Kegiatan ini sekaligus menjadi ruang bagi mahasiswa untuk menerapkan kompetensi yang diperoleh selama proses perkuliahan, khususnya dalam penguatan pendidikan karakter dan pembelajaran berbasis nilai-nilai keislaman.

Membentuk Karakter Religius Peserta Didik

Program tadarus pagi tidak hanya diarahkan pada kemampuan membaca Al-Qur’an, tetapi juga menjadi bagian dari pembentukan karakter peserta didik. Pembiasaan membaca Al-Qur’an sebelum pembelajaran diharapkan dapat menumbuhkan kecintaan terhadap Al-Qur’an sekaligus membangun sikap disiplin, tanggung jawab, dan akhlak mulia.

Kegiatan yang dilaksanakan secara rutin tersebut juga memberikan kesempatan kepada peserta didik untuk mempersiapkan diri secara spiritual dan mental sebelum mengikuti pembelajaran. Suasana yang tenang dan religius di awal kegiatan diharapkan dapat mendukung terciptanya lingkungan belajar yang positif dan kondusif.

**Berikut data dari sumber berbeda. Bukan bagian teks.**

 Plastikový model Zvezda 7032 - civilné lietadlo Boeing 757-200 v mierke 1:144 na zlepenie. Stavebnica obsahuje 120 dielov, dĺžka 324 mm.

Bagi mahasiswa PLP IIQ An-Nur Yogyakarta, keterlibatan dalam program tersebut memiliki nilai strategis sebagai pengalaman nyata dalam menjalankan peran calon pendidik. Guru tidak hanya memiliki tanggung jawab dalam menyampaikan pengetahuan, tetapi juga berperan dalam membangun karakter dan membentuk kebiasaan positif peserta didik.

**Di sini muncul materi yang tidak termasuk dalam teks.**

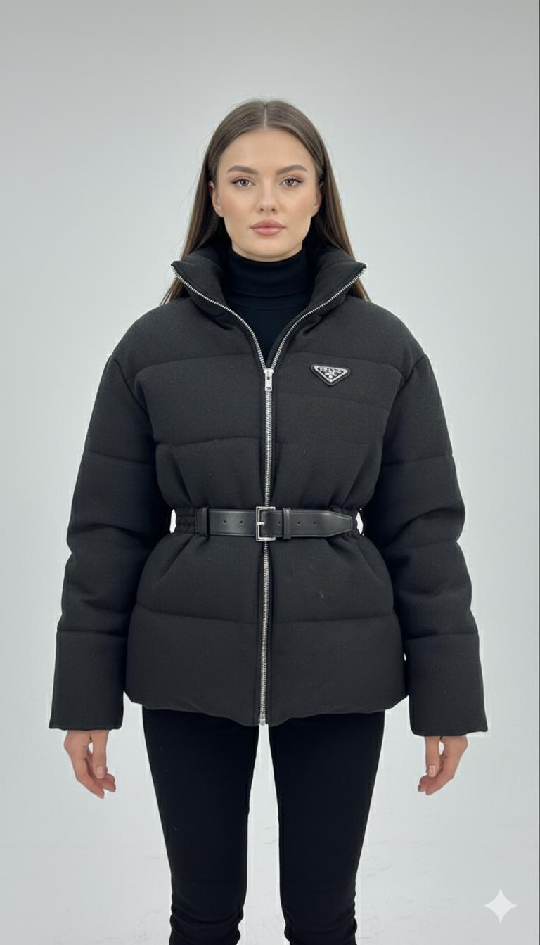 Prada Re-Nylon Down Jacket with Belt

Penguatan Sinergi antara Perguruan Tinggi dan Sekolah

Keterlibatan mahasiswa PLP dalam kegiatan tadarus pagi juga menunjukkan pentingnya sinergi antara perguruan tinggi dan sekolah dalam mendukung proses pendidikan. Program PLP tidak hanya menjadi sarana bagi mahasiswa untuk mengenal praktik pembelajaran di sekolah, tetapi juga memberikan ruang untuk berkontribusi dalam berbagai kegiatan pendidikan dan pembinaan peserta didik.

Melalui pendampingan tadarus pagi di SMK Negeri 1 Bantul, mahasiswa IIQ An-Nur Yogyakarta diharapkan dapat mengembangkan kompetensi pedagogik, sosial, dan kepribadian sekaligus memberikan kontribusi positif bagi lingkungan sekolah.

Kegiatan tersebut menjadi bagian dari pengalaman mahasiswa dalam memahami bahwa pendidikan merupakan proses yang tidak hanya berorientasi pada pencapaian akademik, tetapi juga pada pembentukan karakter, spiritualitas, kedisiplinan, dan akhlak peserta didik.

Dengan adanya kegiatan tadarus yang dilaksanakan secara konsisten serta keterlibatan mahasiswa PLP dalam pendampingannya, diharapkan tercipta budaya sekolah yang religius dan positif. Pada saat yang sama, pengalaman tersebut menjadi bekal penting bagi mahasiswa IIQ An-Nur Yogyakarta untuk menjalankan perannya sebagai calon pendidik yang profesional, berkarakter, dan memiliki kepedulian terhadap pembentukan peserta didik secara utuh.